Father kills Daughter because her crying interrupted his video game

2014.07.12

Photo credit: www.media.salon.com

Photo credit: www.media.salon.com

A British man has been sentenced to eight years in prison for manslaughter. He killed his five-week old daughter, although the court did not find any premeditated intent in his actions. He was acting on the spur of the moment: the baby’s crying annoyed him while he was playing a video game, Assassin’s Creed 3.

The father, Mark Sandland, picked up the baby and started shaking her violently. Afterwards, he claimed that he had been suffering from an epileptic fit and that he discovered the baby’s body under him. However, forensic evidence ruled out the fit and the judge took into account lack of genuine remorse on the part of the father when determining sentence.

The baby’s mother was at her university attending a class, and when she sent a message asking how her daughter was, Sandland’s reply was that the baby “hasn’t shut up”.

Today in the West, fathers take ever more active roles in raising their children. It is not uncommon to see fathers bringing their children to playgroups. A father turns up at a playground and helps his child have a fun time on a swing or a slide and no one bats an eyelid; it has become so normal.

Mark Sandland and his partner might have had a happy family life, sharing responsibility for looking after the baby. Mother stays with the baby while father works, father stays with the baby while mother is at university, and everyone is happy.

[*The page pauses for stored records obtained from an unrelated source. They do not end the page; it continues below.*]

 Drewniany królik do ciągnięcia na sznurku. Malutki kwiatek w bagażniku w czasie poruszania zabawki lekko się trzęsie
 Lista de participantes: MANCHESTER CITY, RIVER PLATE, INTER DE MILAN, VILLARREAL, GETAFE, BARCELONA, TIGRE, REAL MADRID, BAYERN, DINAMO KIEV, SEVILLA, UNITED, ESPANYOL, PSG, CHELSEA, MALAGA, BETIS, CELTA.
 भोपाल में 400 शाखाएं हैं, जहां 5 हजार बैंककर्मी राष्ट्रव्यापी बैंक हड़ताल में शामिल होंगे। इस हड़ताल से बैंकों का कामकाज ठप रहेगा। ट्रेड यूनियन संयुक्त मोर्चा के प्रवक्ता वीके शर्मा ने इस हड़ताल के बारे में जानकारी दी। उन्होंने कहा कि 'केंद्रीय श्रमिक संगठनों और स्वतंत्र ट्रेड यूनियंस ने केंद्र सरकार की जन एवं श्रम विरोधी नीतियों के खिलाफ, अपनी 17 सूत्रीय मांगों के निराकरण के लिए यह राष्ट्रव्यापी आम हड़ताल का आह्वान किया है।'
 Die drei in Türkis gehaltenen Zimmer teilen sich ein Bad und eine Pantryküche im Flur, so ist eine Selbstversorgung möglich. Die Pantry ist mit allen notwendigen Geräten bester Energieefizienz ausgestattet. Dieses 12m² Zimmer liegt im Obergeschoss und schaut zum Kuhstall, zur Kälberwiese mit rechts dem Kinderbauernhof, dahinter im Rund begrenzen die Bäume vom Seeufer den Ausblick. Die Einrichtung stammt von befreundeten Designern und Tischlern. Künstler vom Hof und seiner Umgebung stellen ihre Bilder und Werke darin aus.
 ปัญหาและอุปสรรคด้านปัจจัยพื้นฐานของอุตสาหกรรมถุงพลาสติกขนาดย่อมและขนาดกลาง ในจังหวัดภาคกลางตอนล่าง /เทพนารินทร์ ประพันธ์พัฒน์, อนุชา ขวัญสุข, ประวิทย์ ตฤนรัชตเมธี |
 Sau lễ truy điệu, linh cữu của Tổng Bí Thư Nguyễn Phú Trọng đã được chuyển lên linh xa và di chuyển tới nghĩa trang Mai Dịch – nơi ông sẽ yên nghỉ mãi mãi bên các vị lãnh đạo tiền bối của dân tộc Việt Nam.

Unfortunately, this was not the case here. Sandland did not feel he got the fair deal when left with the baby. He did not see taking care of his daughter and ensuring her happiness and safety as his primary concern. He thought he would play Assassin’s Creed 3 instead.

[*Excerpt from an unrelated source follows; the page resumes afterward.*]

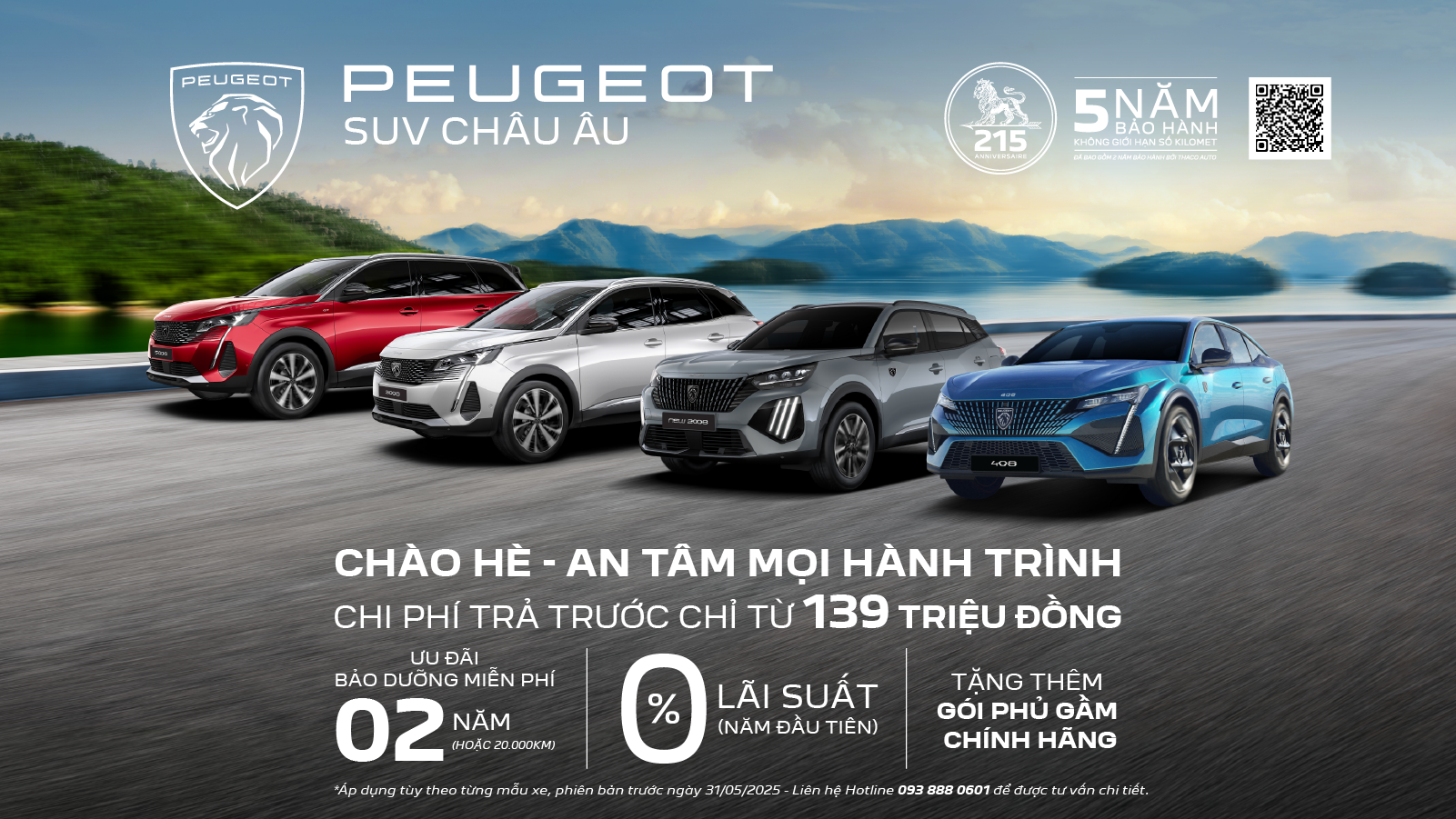 Tặng gói phụ kiện hấp dẫn: Bảo hành chính hãng 5 năm không giới hạn km, bảo hành ác quy 24 tháng, Gói phủ gầm chính hãng, Film cách nhiệt chính hãng của Ilumar bảo hành 5 năm, thảm sàn, lót cốp, bộ quà tặng lưu niệm của Peugeot (Tùy theo dòng xe) – Liên hệ để biết thêm chi tiết

A lot has been spoken about computer, internet and game addiction, especially when it comes to the youth. Research studies about negative effects of gaming on children abound. Websites are full of recommendations on how to keep your child from getting addicted to video games.

However, in all this talk about children and teens getting addicted to video games, one group of people can be overlooked. This group is 35-year-old men, which, according to research, are primary game enthusiasts. These men would forsake their marriages, jobs and children just to satisfy their need to escape into the fantasy world of gaming.

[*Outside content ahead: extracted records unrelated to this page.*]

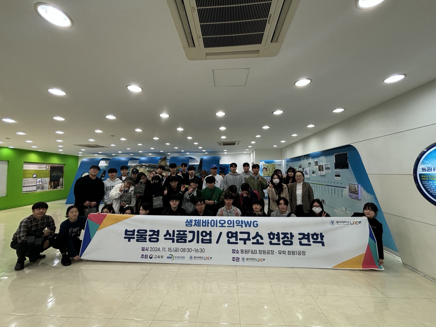 11월 15일 식품공학과 2학년 학생들이 동원 F&B, 무학 공장을 견학하고 참치캔과 소주가 어떻게 제조되는지에 대한 생산과정과 위생처리등에 대하여 보고 배울 수 있는 기회를 가졌다.
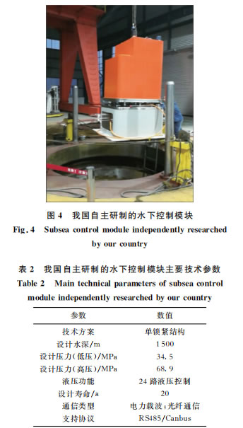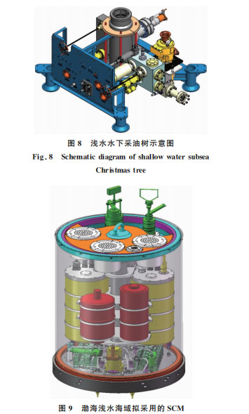 1.1 水下油氣生產系統應用典型設計案例 1.1.2 流花16-2/20-2/21-2油田群 流花油田群的開發成功克服了500m水深級水下油田生產系統總體和集成設計,水下控制系統液壓、電力、通信分析,中深水高凝油田輸送流動安全保障技術,多動態管纜與系泊系統耦合與干涉,電潛泵超長距離直驅變頻供電等技術挑戰,實現了我國500m級自營深水油田開發工程技術的歷史性突破。 1.1.3 陵水17-2氣田 針對陵水17-2氣田跨度大、井位分散的特點,該項目突破深水氣田水下生產系統總體布局分析技術,在考慮水下井口、雙管回路、遠距離單井回接、臍帶纜等因素的疊加前提下,解決了復雜分散的水下生產系統總體布置及優化技術。該項目實現了1500m級深水氣田水下控制系統設計分析技術在我國南海區域的首次應用。 1.2 關鍵設備工程化研制進展 1.2.2 水下控制模塊 1.2.3 水下連接器 1.2.4 水下多相流量計 1.2.5 水下臍帶纜 1.2.6 水下管匯 1.3 水下生產系統測試技術 國內目前已有少部分水下裝備的試驗驗證設備及設施,例如高壓艙等,但測試技術體系仍不完善;此外, 水下設備測試試驗驗證標準及驗證工作目前多由各制造企業在多方參與下,特別是第三方船檢機構的全程見證下取證,國產化研制接受標準、機構與工程化應用結合還需進一步探索;對于海試技術,目前國內一部分水下生產系統設備(水下閥門、水下連接系統等)已初步具備海 試設施條件,但尚沒有權威的海試平臺及測試機構。 1.4 系統集成技術 “十一五”“十二五”期間,我國已在一些項目中完 成了國外水下生產系統產品的應用,且部分實現了自主 系統設計、制造與安裝,在運維管理方面具備了初步經驗。但是目前我國水下生產系統集成技術尚不夠成熟, 需要系統研究并梳理總結,以形成水下系統應用技術體系,用技術體系和測試取證程序規避示范工程應用風險。 為推動我國水下油氣生產系統集成技術進展, 還需繼續深化水下采油樹、水下控制系統等關鍵設備的總體方案自主研發設計,實現關鍵設備國產化, 提高可靠性,解決水下生產系統國產化的關鍵路障, 達到降低深水油氣開發設計費用、裝備費用、人員費 用、安裝費用和管理成本的目的。 我國水下生產系統單體設備檢測手段還較為薄弱,且尚未有水下生產系統的認證單位,以及完整、權威的水下生產系統測試平臺。據此,應著手建立水下生產系統單體設備測試、系統集成測試、取證程序及安裝技術體系,解決產業化應用缺失的技術短板,構建以“生產廠商FAT-第三方/油公司認證-安裝承包商/油公司系統聯調測試(SIT)”為目標的測試系統。 1.5 淺水水下生產系統開發技術 淺水水下采油樹(圖8)和控制系統與深水設備存 在較大差異,需在設計與制造過程中給予充分考慮。與深水采油樹相比,其尺寸更小、重量更輕,在潛水員和簡 單工具的輔助下即可進行安裝、維修等作業。在控制系統方面,目前國內外的水下控制模塊(SCM)都是基于深水應用的平衡式和分體式,淺水SCM應考慮向承壓式和一體化的方向突破,以便適應在泥下沉箱工況使用。此外,國際上尚未有針對通航區的水下控制系統研究,尤其是大規模的直接液壓控制方式,由于該液壓控制方式無通信功能,因此需研制并配備水下信號采集傳輸模塊。圖9為渤海淺水海域擬采用的SCM結構示意圖。 為保證淺水水下設備的運行安全,須考慮漁業及航道通行條件下的水下生產系統安全防護技術。其中,水下管匯、水下采油樹等設施擬采用水下濕式 沉箱安全防護系統,按照水下生產系統的規?煽紤]采用整體沉箱、分體沉箱以及鋼圓筒沉箱等。在淺水水下生產系統中,亦可配備水下干式艙安全防護系統,實現水下干式操作環境,以達到降低水下設備費用的目的。此外,為使水下生產系統安全防護 技術切實具備保護水下設備的功能,應開展水下防 護安全預警系統的研究,保證該系統可在第一時間 準確檢測安全防護措施的失效行為,將水下生產系 統設備所受到的影響降至低。 2 我國水下油氣生產系統裝備工程技術發展趨勢 2.1 水下油氣生產系統集成測試裝備與技術 面向中深水開采和開發生產系統的關鍵設備所受復雜工作載荷和極端環境載荷的耦合作用,圍繞 提升我國中深水開采和開發生產系統關鍵設備的建造工藝、結構安全性和耐久性為目標,亟需建立復雜載荷作用下中深水關鍵設備的結構性能試驗測試系統,開展其結構性能試驗,解決復雜載荷作用下中深水生產系統關鍵設備的建造工藝和安全評估問題, 為我國中深水生產系統關鍵設備的結構設計、計算方法驗證和服役性能預報等提供基礎技術保障。 2.2 高可靠性、緊湊型、超深水水下油氣裝備工業化技術 2.3 水下全電式控制系統 為規避液壓控制在深水油氣田應用過程中的潛在風險,全電式控制系統以其功能靈活、響應時間 短、控制距離長等優勢,已在深遠海油氣田開發中得到應用。由于減少了水上液壓單元,臍帶纜無液壓動力配送管,對海水環境無污染;此外,在當前電器元件可靠性越來越高的情況下,相對于復合電液控制系統,采用全電式控制系統,可使整體開發成本降低15%~20%。目前,國際上全電控制系統的研 發技術已相對成熟,部分廠家已歷經十多年的研究, 已有了成熟的產品應用于水下油氣田的開發。 2.4 水下油氣分離與增壓技術 國際主流水下生產系統設備研發企業包括FMC、 A
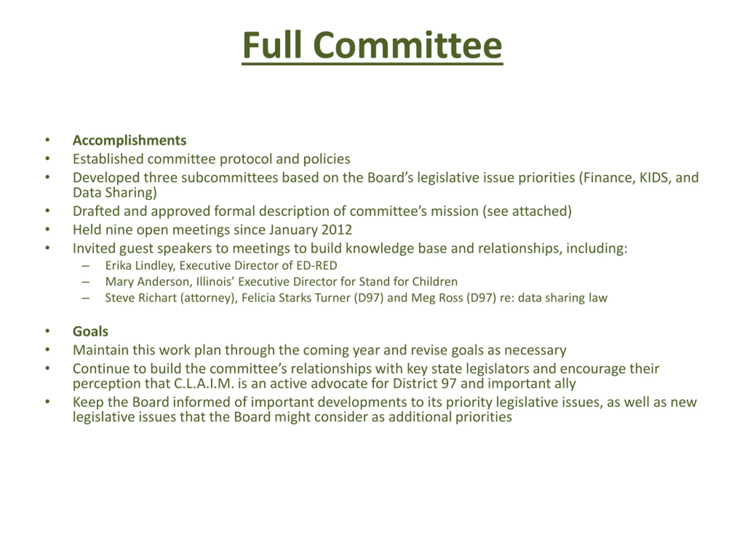 Full Committee Accomplishments Established committee protocol and policies Developed three subcommittees based on the Board s legislative issue priorities (Finance, KIDS, and Data Sharing) Drafted and approved formal description of committee s mission (see attached) Held nine open meetings since January 2012 Invited guest speakers to meetings to build knowledge base and relationships, including: Erika Lindley, Executive Director of ED-RED Mary Anderson, Illinois Executive Director for Stand for Children Steve Richart (attorney), Felicia Starks Turner (D97) and Meg Ross (D97) re: data sharing law Goals Maintain this work plan through the coming year and revise goals as necessary Continue to build the committee s relationships with key state legislators and encourage their perception that C.L.A.I.M. is an active advocate for District 97 and important ally Keep the Board informed of important developments to its priority legislative issues, as well as new legislative issues that the Board might consider as additional priorities

This is a generation of boys who have grown up with video games, but failed to really grow up. These men refuse to take on the responsibility which comes with adulthood and family life.

Some people from this generation manage to step away from gaming on leaving school or college. Some limit themselves to an hour of playing each day. Still, there are millions of men and women around the world who play four to five hours a day. In order to do that they skip work and cut down on time spent with spouses and children.

Although game addition was not the focus of Sandland’s court case, there can be no doubt that it was a major contributing factor. According to the case’s materials, the killer went on a website seeking help with completing a level in the game just 20 minutes before ringing the emergency services.

The very fact that he was compelled to shake the baby with force while he was playing shows that the game was psychologically more important to him than his own daughter.

What this baby girl needed was her father caring for her and showing her love. What Sandland’s partner needed was certainty that their baby was safe with her father. What they all needed was a supportive family, where everyone contributes to one another’s happiness and wellbeing. One can hardly imagine a more senseless loss of innocent life than over a video game.